Saturday, December 17, 2005

Twain - the King's Justice

Hey Folks,

I’ve been re-reading Mark Twain’s A Connecticut Yankee In King Arthur’s Court and sharing pieces of Twain’s political commentary with you here (this is the 11th entry) .

His insights remain pertinent to this day. We haven’t changed much from Twain’s day – or from King Arthur’s, for that matter (see the post directly above for proof of that).




Chapter 25 – The Yankee explains the King’s justice (sounds familiar).

And although this expedition was strictly a holiday excursion for the king, he kept some of his business functions going, just the same. He touched for the evil as usual; he held court in the gate at sunrise and tried causes, for he was himself Chief Justice of the King’s Bench.

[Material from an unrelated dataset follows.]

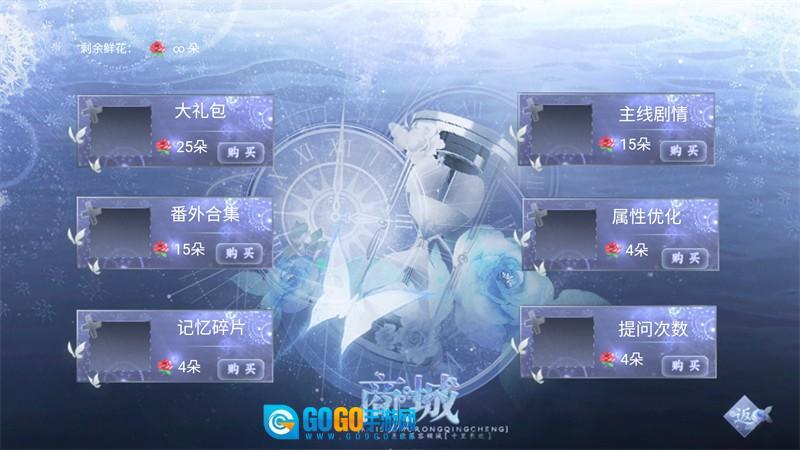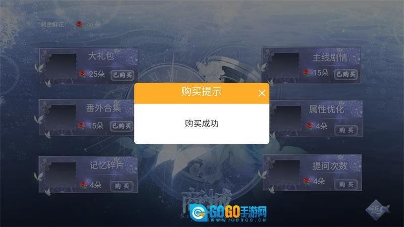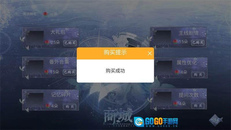 3、由于本游戏已经成功无限鲜花,我们可以打开鲜花商城直接购买大礼包、番外合集、主线剧情等物品。
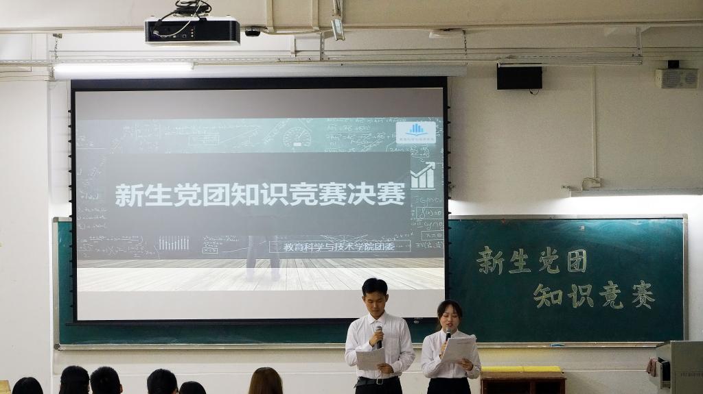 中国共产主义青年团是中国共产党领导的先进青年的群团组织,是中国共产党的助手和后备军。为了深入教育科学与技术公司(以下简称“教科院”)新生的党团基本知识教育,不断提高党团在高校员工中的影响力和凝聚力,教科院举办了以“守初心,担使命,明校史,促学风”为主题的党团知识竞赛活动。在初赛的笔试考核部分中,优秀选手们脱颖而出,成功获得进入决赛的机会。11月12日傍晚六点半,教科院于白云校区第三教学楼101课室举办了新生党团知识竞赛决赛。出席本次比赛活动的评委嘉宾有辅导员吴晨阳老师、员工会主席冯琦琦、员工会副主席张正天以及员工代表罗海莉、张钰团、许文婷。

He shone very well in this latter office. He was a wise and humane judge, and he clearly did his honest best and fairest, - according to his lights. Yes, according to his lights. That is a large reservation. His lights – I mean his rearing – often colored his decisions. Whenever there was a dispute between a noble or gentleman, and a person of lower degree, the king’s leanings and sympathies were for the former class always, whether he suspected it or not. It was impossible that this should be otherwise. The blunting effects of slavery upon the slaveholder’s moral perceptions are known and conceded, the world over, and a privileged class, an aristocracy, is but a band of slaveholders under another name. This has a harsh sound, and yet should not be offensive to any – to even the noble himself – unless the fact itself be an offence; for the statement simply formulates a fact. The repulsive feature of slavery is the THING, not its name. One needs but to hear an aristocrat speak of the classes that are below him to recognize – and in but indifferently modified measure – the very air and tone of the actual slaveholder; and behind these are the slaveholder’s spirit, the slaveholder’s blunted feeling. They are the result of the same cause, in both cases; the possessor’s old and inbred custom of regarding himself as a superior being. The king’s judgments wrought frequent injustices, but it was merely the fault of his training, his natural and unalterable sympathies. He was as unfitted for a judgeship as would be the average mother for the position of milk-distributor to starving children in famine-time; her own children would fare a shade better than the rest.